眼底荧光血管造影原理是利用能发荧光的物质,如荧光素钠,将其快速注入静脉内,用蓝色光照射,使眼内的荧光素被激发出荧光,眼内充盈的荧光血管及荧光泄漏显影,再用高速敏感的照相机进行拍摄、录像或数字摄影。

1.方法:5%荧光素钠5~10ml;10%荧光素钠3~5ml;20%荧光素钠3~5ml,静脉推注。

2.过程:静脉注射一分钟内荧光素即散布至全身组织,正常视网膜与中央神经系统有生理屏障,荧光素不至于渗漏于组织中,其余组织血管均可渗漏荧光素而使组织染色。24小时内经肝、肾排出,2天内尿液呈黄色。

3.副作用:制剂纯净,一般患者可耐受,不发生毒性反应。文献报道有恶心、呕吐、胃痛及荨麻疹。

4.注意事项

(1)告知患者将会出现的身体皮肤变化,并告知可以消退,以减少顾虑。

(2)推药过程中观察患者有无异样反应,如有反应需及时停止推注。

(3)检查完毕后嘱患者适当多饮水,以加速荧光物质的排出。

(4)尿液呈黄色,此期作尿糖检测可出现假阳性,应引起注意。

第十节眼科常用护理

技术操作护理一、滴眼药水

1.目的:用于检查、诊断、防治眼部疾病。

2.用物:治疗盘内放眼药水、75%酒精棉球、消毒棉签、污物袋。

3.步骤

(1)滴眼药前先洗手,以防交叉感染。

(2)滴眼药时严格查对病人姓名,眼别,药物名称、浓度及用药时间。

(3)病人取仰卧位或坐位,头略后仰,用棉签轻压下眼睑嘱病人向上看,将药液滴入穹隆部结膜囊内1~2滴,嘱病人闭眼1~2分钟即可。

(4)滴眼时药瓶口需距眼2cm。

(5)滴毒性药水时,需用棉签压迫泪囊部2~3分钟,以免药液进入泪囊被吸入而中毒。

(6)滴完一个病人后应用75%酒精棉球擦手后再行下一步治疗。

4.注意事项

(1)滴眼药前应向患者说明不必紧张或用力闭眼。

(2)滴眼药时应核对药物名称及眼别。

(3)沉淀性药物(泼尼松龙等)摇匀后再滴。

(4)药液不可直接滴在角膜上。

(5)先用一般药物,后用剧毒药物,先滴健眼,后滴患眼。

(6)传染性眼病病人的眼药应隔离、专用。

(7)眼药水宜保存在4~8℃的冰箱内。

二、涂眼药膏

1.目的:同眼药水,药物停留眼内组织时间长,且药效持久。可用于术后或眼部受伤,需眼部包扎者。

2.用物:眼药膏、眼用玻璃棒、消毒棉签、污物袋。

3.步骤

(1)涂前先洗手,以免交叉感染。

(2)上药时应仔细核对病人姓名、眼别,药物名称、浓度及用药时间。

(3)病人仰卧或坐位,用消毒玻璃棒的一端蘸软膏少许,手持棉棍轻轻将下眼睑向下牵引,另一手持玻璃棒与睑裂平行,把药膏放入下穹隆内,嘱病人闭合眼睑缓缓平行抽出玻璃棒。
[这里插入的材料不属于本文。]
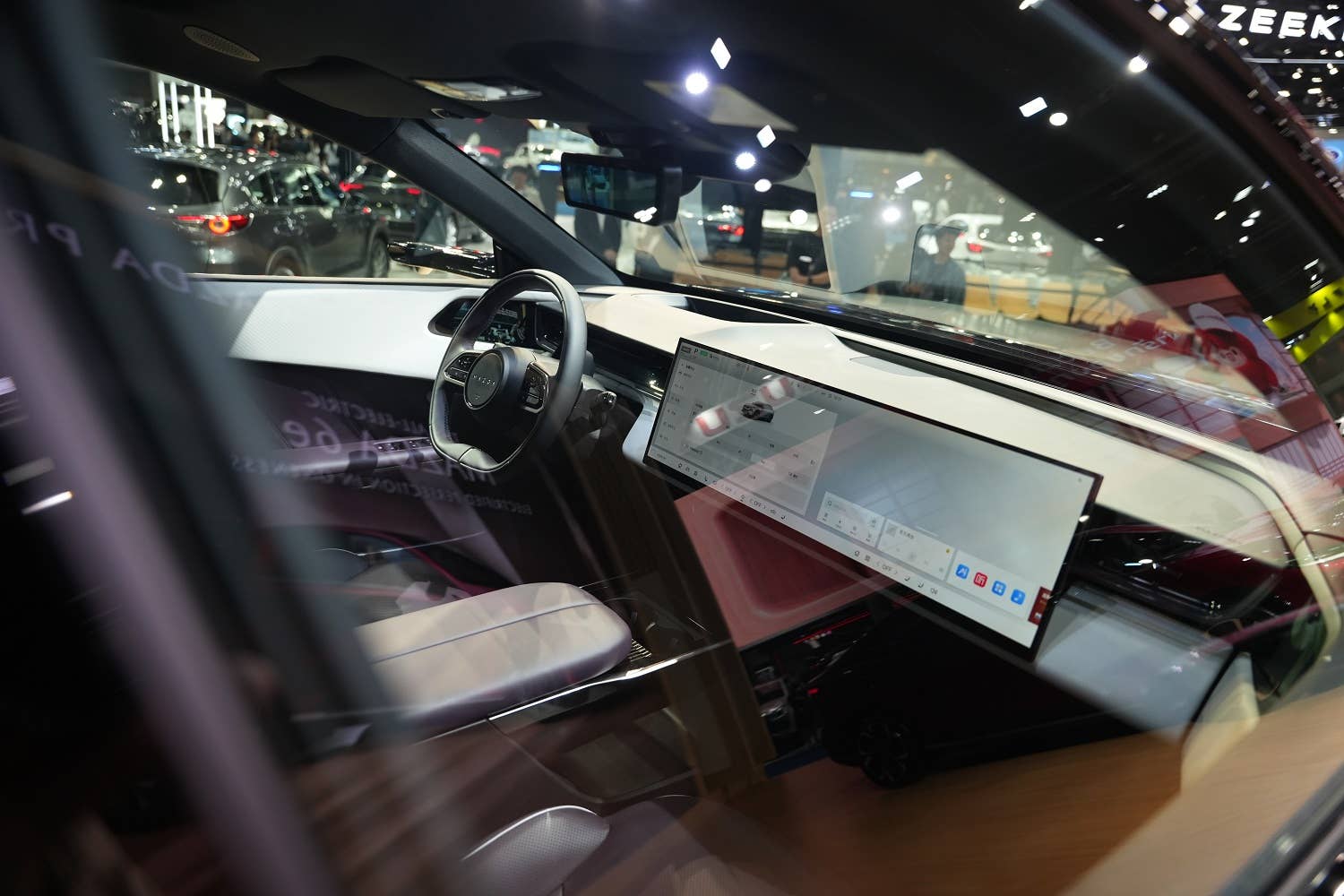 Mazda has always had uncluttered dashboards with integrated gauges, but now, that’s changing. Stenuit argues that having a screen extend in front of the passenger brings the passenger into the driving experience, adding that instead of having any gauges in the CX-6e, Mazda has installed a large head-up display, which he says is “much more important than an instrument cluster.” Basically, if the important driver info can be clearly conveyed through a high-quality head-up display, says Stenuit, “you don’t need gauges because you can concentrate better on the road.”

(4)涂完眼药膏后可嘱患者眼球在眼睑内闭眼稍转动,但手术眼除外。

(5)如双眼用眼膏可用玻璃棒的两端分别用于双眼。

(6)如同时使用水剂和膏药,先滴眼药水,后涂眼膏,两者间隔5~10分钟。

4.注意事项

(1)涂眼药膏时注意勿将睫毛同时粘入眼内,以免刺激角膜。

(2)如用散瞳药膏,注意洗手后再做下一步治疗,以免引起不良后果。

三、剪眼毛

1.目的:避免手术时睫毛落入伤口内,造成污染及阻碍术者视线。

2.用物:弯盘、方纱、棉签、弯剪刀、消炎眼药膏、消炎眼药水。

3.步骤

(1)遵医嘱看好眼别,术前剪掉病人术眼的上、下睫毛(急症除外)。选择光线充足的地方为患者操作,操作前要先将眼内油膏及分泌物擦拭干净。

(2)备好用物到病人床边,向病人解释,解除病人顾虑,取得配合。

(3)在剪刀正面涂上一层消炎眼膏,以便使剪下的睫毛粘附其上,不落入病人眼中,由外眦开始剪。

(4)剪上眼睑睫毛时嘱病人向下看,用手指压住上睑皮肤稍向上拉,使睫毛直立,以便操作,剪下睑睫毛时反之。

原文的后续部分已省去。